Almost from the day the Warren Commission published its report, its decision to omit those vital X-rays and photographs has been under attack. Only that physical evidence, say the critics, can finally resolve the debate over how many bullets struck the President, where they came from, and where they went - the central questions in the argument over how many assassins opened fire in Dealey Plaza.

More than one critic has charged that the autopsy record in the Warren Report is not the original autopsy, but has been changed to conform with the Commission's theories...

It seems to CBS News that one of the most serious errors made by the Warren Commission was its decision not to

look at those photographs and X-rays, an error now compounded. For the Kennedy family, which had possession of the autopsy pictures, agreed last year to donate them to the National Archives, but only with the stipulation that the pictures be locked away for five years - with only certain authorized government personnel allowed to see them.

Now, no one would propose that those grim and tragic relics be made generally available, to be flashed across television screens and newspaper pages. But in view of their crucial bearing on the entire assassination we believe that those films should now be made available for independent examination by expert pathologists, with the high qualifications of Captain Humes - but without his status as a principal in the case.

There is one further piece of evidence which we feel must now be made available to the entire public: Abraham's Zapruder's film of the actual assassination.
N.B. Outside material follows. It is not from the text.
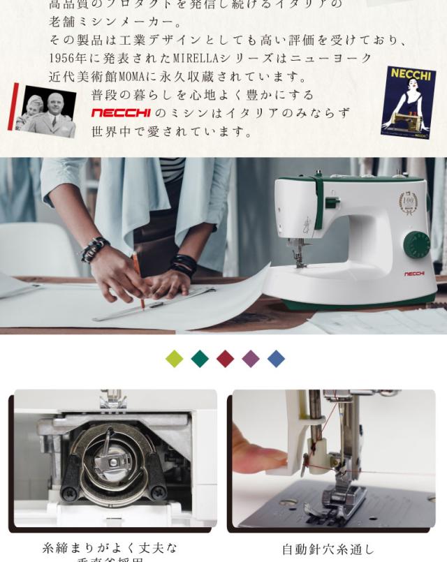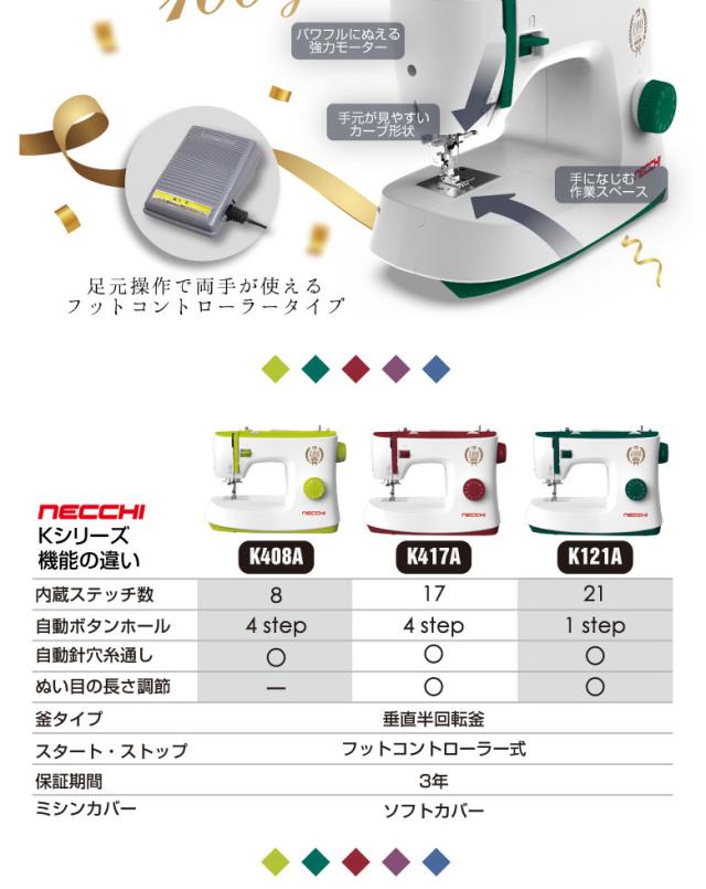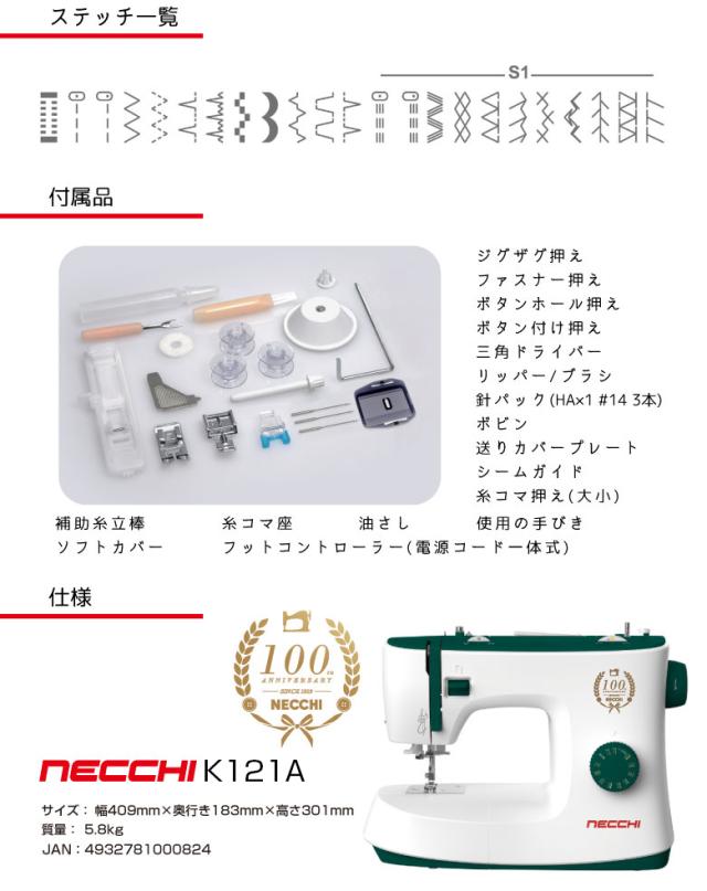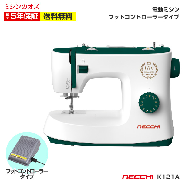 NECCHI(ネッキ) フットコントローラー付 電動ミシン K121A K-121A ミシン 本体 おしゃれ かわいい イタリア ネッチ

The original is now the private property of Life magazine. A Life executive refused CBS News permission to show you that film at any price, on the grounds that it is "an invaluable asset of Time, Inc." although these broadcasts have demonstrated that the film may contain vital undiscovered clues to the assassination.
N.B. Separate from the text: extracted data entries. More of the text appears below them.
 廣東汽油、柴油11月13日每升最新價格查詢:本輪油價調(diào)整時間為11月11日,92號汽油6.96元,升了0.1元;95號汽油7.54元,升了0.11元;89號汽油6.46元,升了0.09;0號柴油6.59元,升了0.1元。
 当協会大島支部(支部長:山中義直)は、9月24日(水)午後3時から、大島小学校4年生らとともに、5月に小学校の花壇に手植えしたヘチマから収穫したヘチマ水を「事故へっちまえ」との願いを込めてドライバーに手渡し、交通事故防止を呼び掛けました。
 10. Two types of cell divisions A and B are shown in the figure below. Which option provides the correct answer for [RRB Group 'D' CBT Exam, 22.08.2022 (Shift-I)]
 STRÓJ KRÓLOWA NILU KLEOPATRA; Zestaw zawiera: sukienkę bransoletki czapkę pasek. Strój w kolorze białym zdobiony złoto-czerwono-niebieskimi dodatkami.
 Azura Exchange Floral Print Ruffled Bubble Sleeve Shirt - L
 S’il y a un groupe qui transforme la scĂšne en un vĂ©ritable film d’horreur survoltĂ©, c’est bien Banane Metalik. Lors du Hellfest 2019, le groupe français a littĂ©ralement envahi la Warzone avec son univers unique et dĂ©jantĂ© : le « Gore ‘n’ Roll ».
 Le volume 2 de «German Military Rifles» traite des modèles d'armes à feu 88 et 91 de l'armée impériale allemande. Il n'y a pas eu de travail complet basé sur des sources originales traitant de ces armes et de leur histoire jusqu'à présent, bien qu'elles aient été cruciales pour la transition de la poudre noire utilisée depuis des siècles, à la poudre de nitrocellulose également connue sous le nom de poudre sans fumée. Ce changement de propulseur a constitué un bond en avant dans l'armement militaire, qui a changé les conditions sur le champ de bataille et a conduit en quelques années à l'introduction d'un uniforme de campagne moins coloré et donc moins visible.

Life's decision means you cannot see the Zapruder film in its proper form, as motion picture film. We believe that the Zapruder film is an invaluable asset, not of Time, Inc. - but of the people of the United States.

(30) John J. McCloy, The Warren Report: Part 2, CBS Television (28th June, 1967)

There have been a number of suggestions that the Commission, for example, was only motivated by a desire to put - to make things quiet, so as to give comfort to the Administration, or give comfort to the people of the country, that there was nothing vicious about this. Well, that wasn't the attitude that we had at all.

I know what my attitude, when I first went down, I was convinced that there was something phony between the Ruby and the Oswald affair, that forty-eight hours after the assassination, here's this man shot in the police station. I was pretty skeptical about that. But as time went on and we heard witnesses and weighed the witnesses - but just think how silly this charge is.

Here we were seven men, I think five of us were Republicans. We weren't beholden to any Administration. Besides that, we - we had our own integrity to think of. A lot of people have said that you can rely upon the distinguished character of the Commission. You don't need to rely on the distinguished character of the Commission. Maybe it was distinguished, and maybe it wasn't. But you can rely on common sense. And you know that seven men aren't going to get together, of that character, and concoct a conspiracy, with all of the members of the staff we had, with all of the investigative agencies - it would have been a conspiracy of a character so mammoth and so vast that it transcends any - even some of the distorted charges of conspiracy on the part of Oswald.

I think that if there's one thing I would do over again, I would insist on those photographs and the X-rays having been produced before us. In the one respect, and only one respect there, I think we were perhaps a little oversensitive to what we understand was the sensitivities of the Kennedy family against the production of colored photographs of the body, and so forth.

But those exist. They're there. We had the best evidence in regard to that-the pathology in respect to the President's wounds. It was our own choice that we didn't subpoena these photographs, which were then in the hands of the Kennedy family. I say, I wish-I don't think we'd have subpoenaed them. We could have gotten - Mr. Justice Warren was talking to the Kennedy family about that at that time. I thought that he was really going to see them, but it turned out that he hadn't.